- TRY IT -
The entries below are to be repeated exactly, with the pictures left out.

- Collected data -
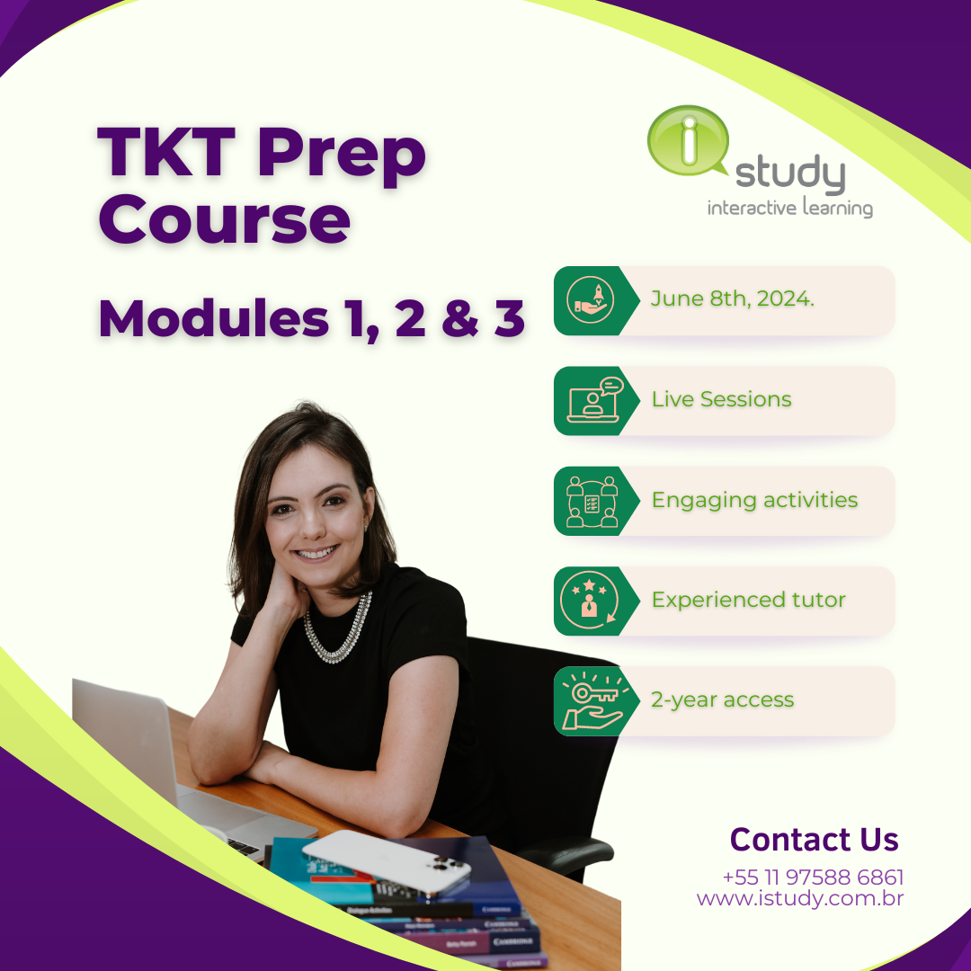Desbloqueie seu potencial como professor de inglês com o nosso abrangente curso de preparação para o TKT. Ministrado por meio de sessões ao vivo envolventes, nosso curso abrange todos os três módulos do exame TKT, equipando-o com o conhecimento e as habilidades necessárias para se destacar. Beneficie-se do orientação de uma professora especialista, discussões interativas e exercícios práticos projetados para aprimorar suas habilidades de ensino. Junte-se a nós para ganhar confiança, aprofundar sua compreensão dos princípios do ensino de idiomas e dar o próximo passo em sua carreira de ensino.
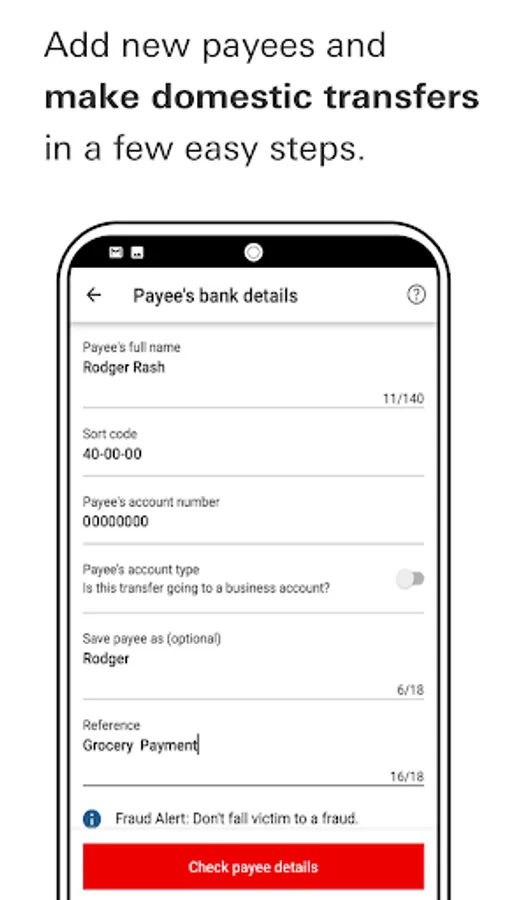 • Manage your transactions and send money to existing payees
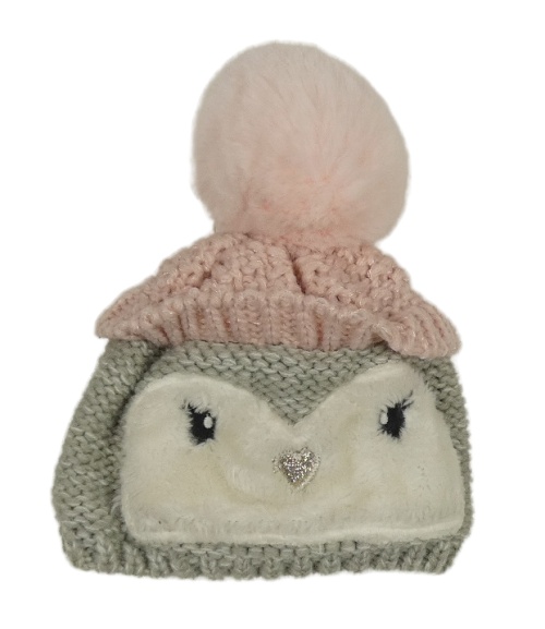 Světlešedo/růžová pletená čepice s bambulí - tučňáček F&F
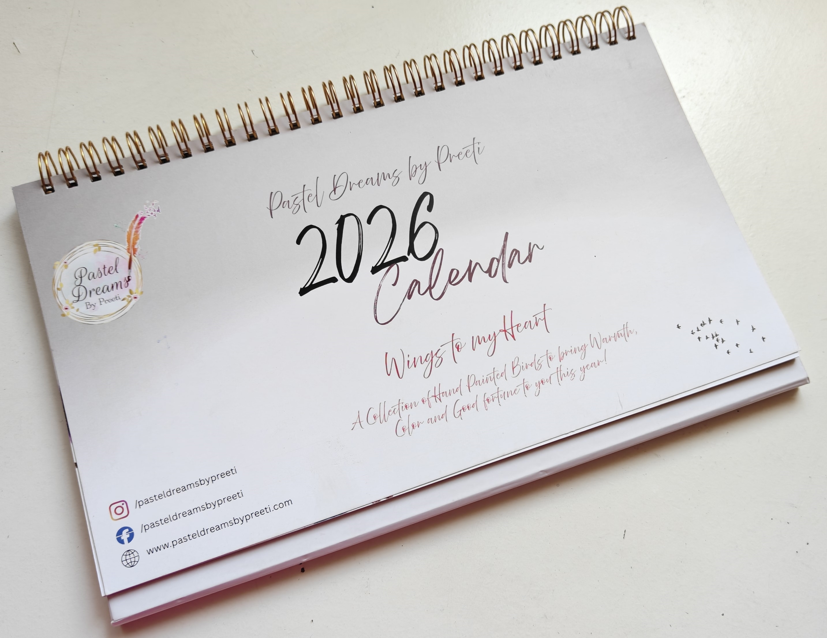 A beautifully designed 2026 desk calendar featuring hand-painted birds. Perfect for home, office and gifting. Premium print, vibrant artwork, and sturdy spiral stand. 10% off on Bulk ordering
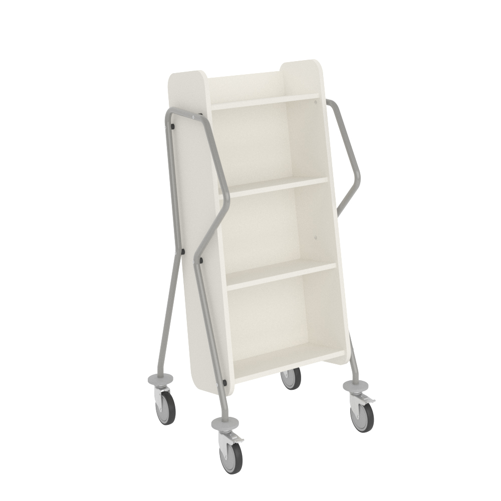 Ergonomisk, användarvänlig, enkelsidig bokvagn med 4 hyllplan med generösa hyllavstånd. Idealisk även för böcker i det lite större formatet.
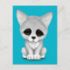 This cute design by artist Jeff Bartels features a small Arctic fox cub with large black eyes. The puppy is sitting down with its paws beside each other and is looking forward with its head slightly tilted to one side. The over sized head and small body along with the details in the fur create a beautiful combination of a cartoon and realistic look. This unique and adorable baby fox design is perfect for all animal lovers.
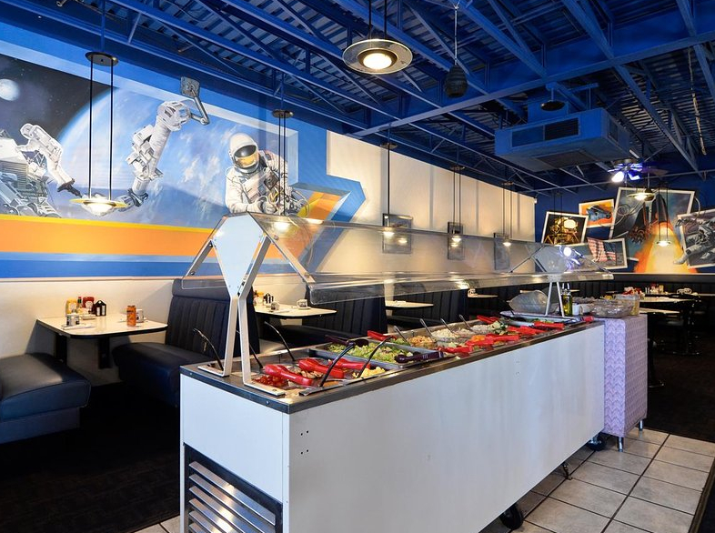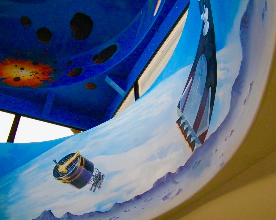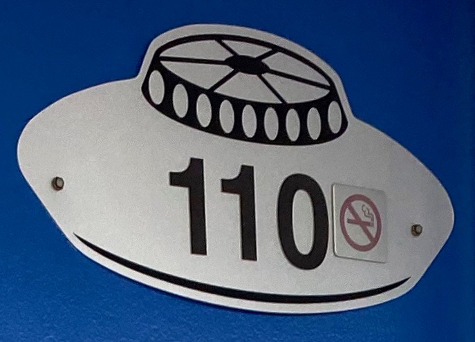 The mission control, registration area is located inside a neon lit, Starship style dome. Once inside a slight tilt of the head upwards reveals a mural of astronauts, constellations, asteroids and planets in the rotunda above. Guests are given a boarding pass, a.k.a. room key, then advised to navigate down the sidewalk toward the bright blue doors. The exterior of the building is painted gray with iridescent glitter embedded in the paint creating a glistening starlight effect. Upon locating the correct chamber, with the help of U.F.O. signage, you find small, clean, plain rooms filled with photos of various USA Space Shuttle and rocket launch missions.
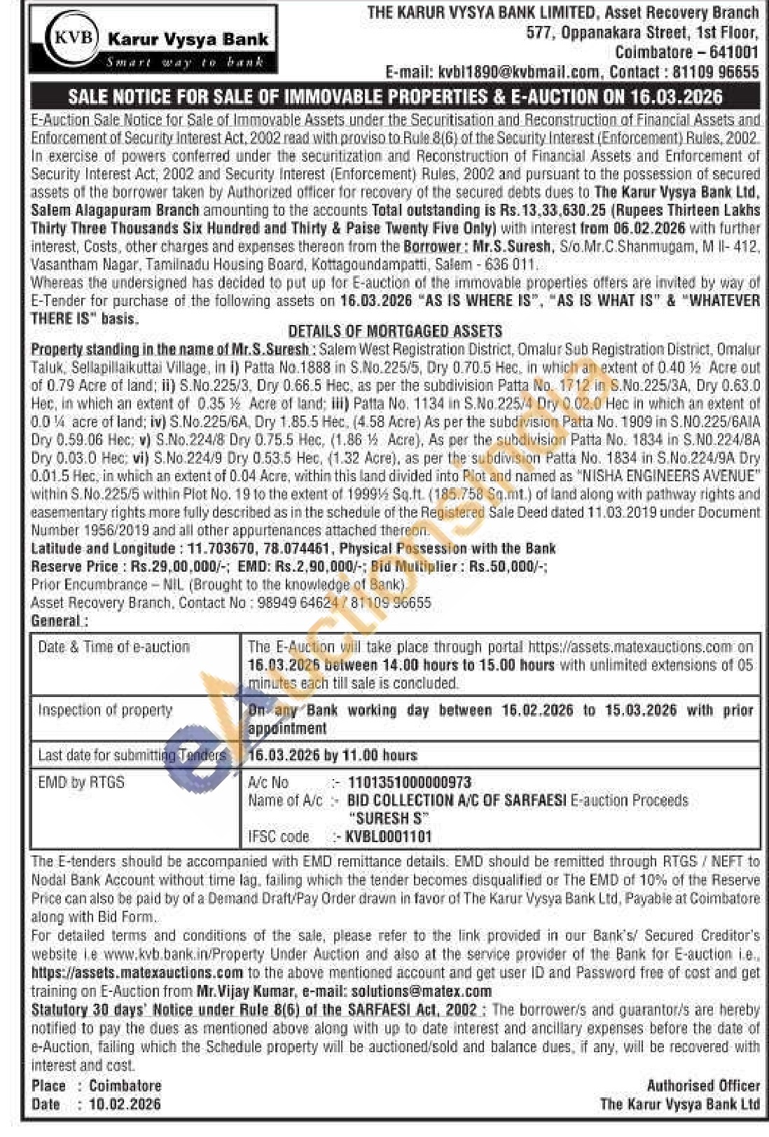 Property standing in the name of Mr.S.Suresh: Salem West Registration District, Omalur Sub Registration District, Omalur Taluk, Sellapillaikuttai Village, in i) Patta No.1888 in S.No.225/5, Dry 0.70.5 Hec, in which an extent of 0.40 15 Acre out of 0.79 Acre of land; ii) S.No.225/3, Dry 0.66.5 Hec, as per the subdivision Patta No. 1712 in S.No. 225/3A, Dry 0.63.0 Hec, in which an extent of 0.35% Acre of land; iii) Patta No. 1134 in S.No.225/4 Dry 0.02.0 Hec in which an extent of 0.014 acre of land; iv) S.No.225/6A, Dry 1.85.5 Hec, (4.58 Acre) As per the subdivision Patta No. 1909 in S.NO.225/6AIA Dry 0.59.06 Hec; v) S.No. 224/8 Dry 0.75.5 Hec, (1.86 14 Acre), As per the subdivision Patta No. 1834 in S.NO.224/8A Dry 0.03.0 Hec; vi) S.No.224/9 Dry 0.53.5 Hec. (1.32 Acre), as per the subdivision Patta No. 1834 in S.No.224/9A Dry 0.01.5 Hec, in which an extent of 0.04 Acre, within this land divided into Plot and named as "NISHA ENGINEERS AVENUE" within S. No.225/5 within Plot No. 19 to the extent of 1999 Sq.ft. (185.758 Sq.mt.) of land along with pathway rights and easementary rights more fully described as in the schedule of the Registered Sale Deed dated 11.03.2019

- REPLY -
Desbloqueie seu potencial como professor de inglês com o nosso abrangente curso de preparação para o TKT. Ministrado por meio de sessões ao vivo envolventes, nosso curso abrange todos os três módulos do exame TKT, equipando-o com o conhecimento e as habilidades necessárias para se destacar. Beneficie-se do orientação de uma professora especialista, discussões interativas e exercícios práticos projetados para aprimorar suas habilidades de ensino. Junte-se a nós para ganhar confiança, aprofundar sua compreensão dos princípios do ensino de idiomas e dar o próximo passo em sua carreira de ensino.
 • Manage your transactions and send money to existing payees
 Světlešedo/růžová pletená čepice s bambulí - tučňáček F&F
 A beautifully designed 2026 desk calendar featuring hand-painted birds. Perfect for home, office and gifting. Premium print, vibrant artwork, and sturdy spiral stand. 10% off on Bulk ordering
 Ergonomisk, användarvänlig, enkelsidig bokvagn med 4 hyllplan med generösa hyllavstånd. Idealisk även för böcker i det lite större formatet.
 This cute design by artist Jeff Bartels features a small Arctic fox cub with large black eyes. The puppy is sitting down with its paws beside each other and is looking forward with its head slightly tilted to one side. The over sized head and small body along with the details in the fur create a beautiful combination of a cartoon and realistic look. This unique and adorable baby fox design is perfect for all animal lovers.
 The mission control, registration area is located inside a neon lit, Starship style dome. Once inside a slight tilt of the head upwards reveals a mural of astronauts, constellations, asteroids and planets in the rotunda above. Guests are given a boarding pass, a.k.a. room key, then advised to navigate down the sidewalk toward the bright blue doors. The exterior of the building is painted gray with iridescent glitter embedded in the paint creating a glistening starlight effect. Upon locating the correct chamber, with the help of U.F.O. signage, you find small, clean, plain rooms filled with photos of various USA Space Shuttle and rocket launch missions.
 Property standing in the name of Mr.S.Suresh: Salem West Registration District, Omalur Sub Registration District, Omalur Taluk, Sellapillaikuttai Village, in i) Patta No.1888 in S.No.225/5, Dry 0.70.5 Hec, in which an extent of 0.40 15 Acre out of 0.79 Acre of land; ii) S.No.225/3, Dry 0.66.5 Hec, as per the subdivision Patta No. 1712 in S.No. 225/3A, Dry 0.63.0 Hec, in which an extent of 0.35% Acre of land; iii) Patta No. 1134 in S.No.225/4 Dry 0.02.0 Hec in which an extent of 0.014 acre of land; iv) S.No.225/6A, Dry 1.85.5 Hec, (4.58 Acre) As per the subdivision Patta No. 1909 in S.NO.225/6AIA Dry 0.59.06 Hec; v) S.No. 224/8 Dry 0.75.5 Hec, (1.86 14 Acre), As per the subdivision Patta No. 1834 in S.NO.224/8A Dry 0.03.0 Hec; vi) S.No.224/9 Dry 0.53.5 Hec. (1.32 Acre), as per the subdivision Patta No. 1834 in S.No.224/9A Dry 0.01.5 Hec, in which an extent of 0.04 Acre, within this land divided into Plot and named as "NISHA ENGINEERS AVENUE" within S. No.225/5 within Plot No. 19 to the extent of 1999 Sq.ft. (185.758 Sq.mt.) of land along with pathway rights and easementary rights more fully described as in the schedule of the Registered Sale Deed dated 11.03.2019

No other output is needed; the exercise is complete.